Notre attention doit se porter non pas sur la conservation mais sur la transmission. La parade à l’oubli et à la perte de données n’est pas dans le stockage, mais dans l’accès libre et le partage.
Il nous faut faire aujourd’hui le pari que les générations futures, natives du numérique, auront une approche différente de la nôtre. L’entassement, l’accumulation, sont des réponses archétypales liées à la sédentarisation de notre espèce. La forme même du codex, des pages empilées les unes sur les autres, en témoigne. Avec le numérique les ressources essaiment naturellement si nous ne cherchons pas à les monétiser.

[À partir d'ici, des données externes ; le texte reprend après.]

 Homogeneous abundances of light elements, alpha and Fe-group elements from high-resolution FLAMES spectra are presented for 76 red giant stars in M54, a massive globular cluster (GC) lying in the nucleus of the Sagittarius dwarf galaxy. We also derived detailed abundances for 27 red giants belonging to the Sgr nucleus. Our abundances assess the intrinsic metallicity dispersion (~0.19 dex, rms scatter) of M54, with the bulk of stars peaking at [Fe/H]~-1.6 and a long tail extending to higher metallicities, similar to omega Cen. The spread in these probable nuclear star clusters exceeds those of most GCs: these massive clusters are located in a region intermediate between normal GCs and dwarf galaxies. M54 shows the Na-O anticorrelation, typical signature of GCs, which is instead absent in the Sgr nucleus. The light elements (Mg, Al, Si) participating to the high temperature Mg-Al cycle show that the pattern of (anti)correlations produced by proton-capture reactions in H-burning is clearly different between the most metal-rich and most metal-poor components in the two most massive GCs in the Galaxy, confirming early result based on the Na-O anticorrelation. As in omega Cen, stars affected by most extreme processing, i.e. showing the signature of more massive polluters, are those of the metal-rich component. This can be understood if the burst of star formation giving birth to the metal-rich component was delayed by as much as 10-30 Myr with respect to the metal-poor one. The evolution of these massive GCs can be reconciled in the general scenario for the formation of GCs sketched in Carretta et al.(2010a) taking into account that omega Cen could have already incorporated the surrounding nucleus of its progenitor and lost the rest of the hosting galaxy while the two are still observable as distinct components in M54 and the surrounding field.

Vouloir à tous prix archiver les données numériques comme nous archivions les données manuscrites et imprimées est insensé. Avec la porosité entre territoires physiques et territoires numériques, le développement de l’internet des objets, de la réalité augmentée, l’innovation dans la visualisation des contenus et le design d’information, se pose la question de la pertinence d’une mémoire collective institutionnelle, entre guillemets “officielle” et forcément fictive, validée par quelques personnes autorisées en fait à effectuer un tri sélectif.
 
Nous sommes tous des bibliothèques
 
Les supports d’archivage semblent aujourd’hui moins fiables et certains professionnels ressentent paradoxalement le besoin d’assurer en priorité la conservation des documents numériques les plus récents en priorité sur ceux imprimés ou manuscrits qui apparaissent finalement moins éphémères. [...] L’obsolescence des appareils et logiciels de lecture est en fait en grande partie programmée par les industriels. [...]

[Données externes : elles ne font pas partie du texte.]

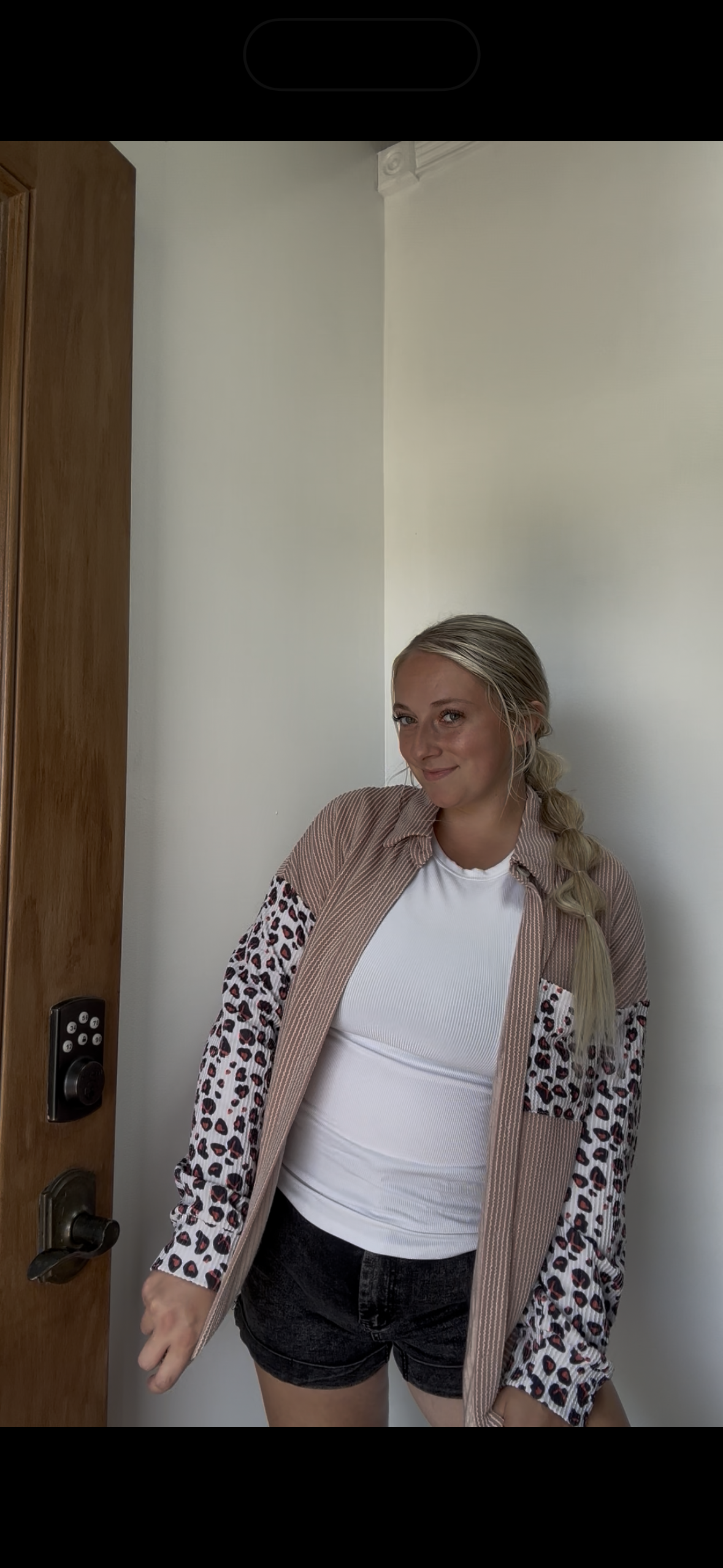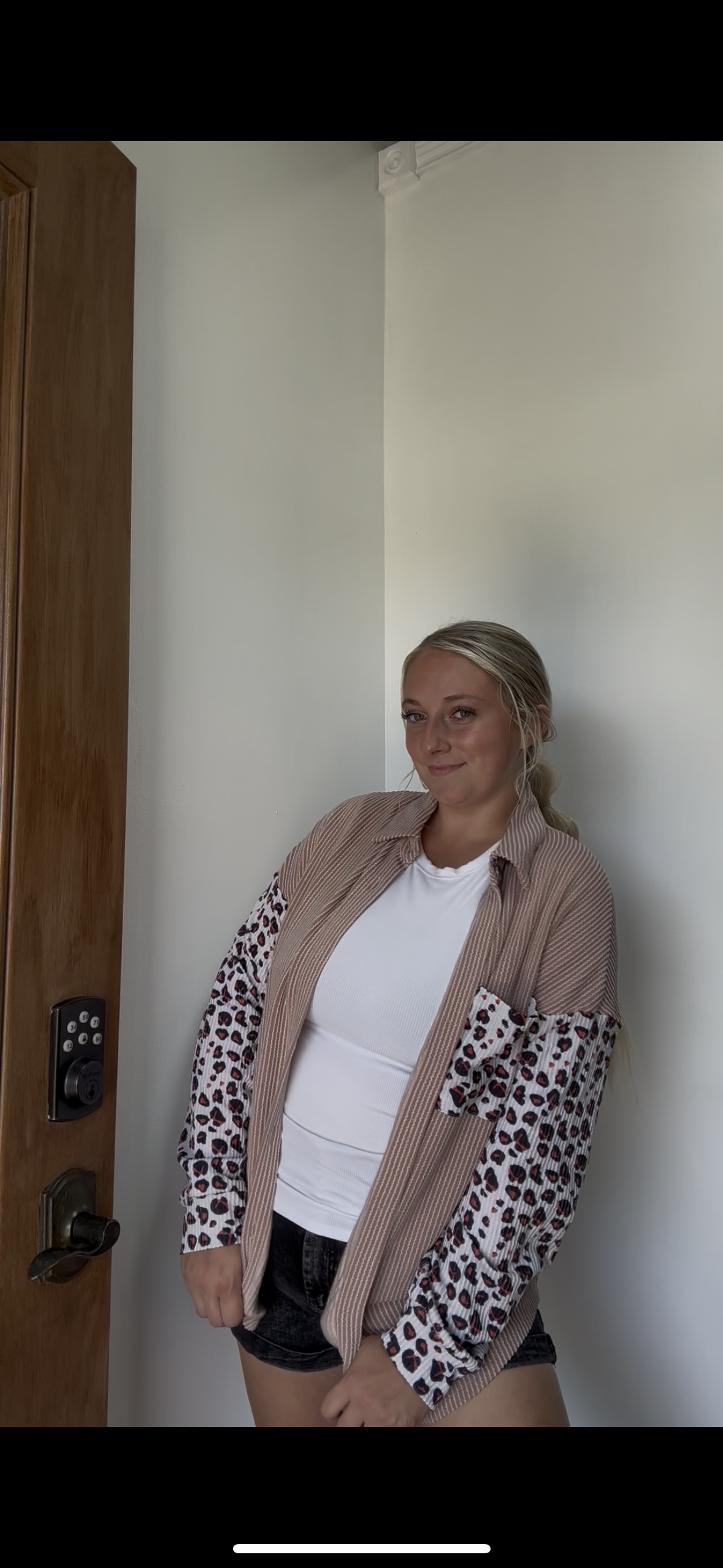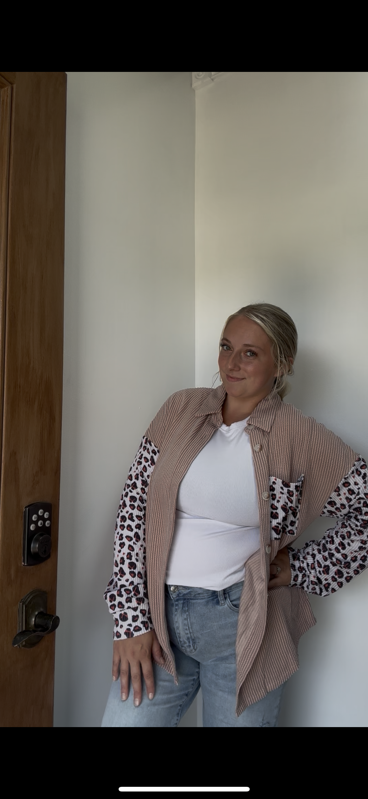 Fashion-W Leopard Patched Twisted Ribbed Western Shacket

L'ingénierie du vivant et la bibliothéconomie se rapprochent l’une de l’autre. « En Afrique, quand un vieillard meurt, c'est une bibliothèque qui brûle. » disait Amadou Hampâté Bâ. La lecture, nous l’avons semble-t-il oublié, est l'activité première du vivant qui a besoin de lire, de déchiffrer et de documenter son environnement. Nous devons avoir davantage confiance en l’Homme et moins nous fier aux machines.
Il nous faut renoncer à vouloir tout archiver et rien oublier. Il nous faut passer à un nouveau paradigme, ne pas laisser le passé paralyser le présent et envahir l’avenir. »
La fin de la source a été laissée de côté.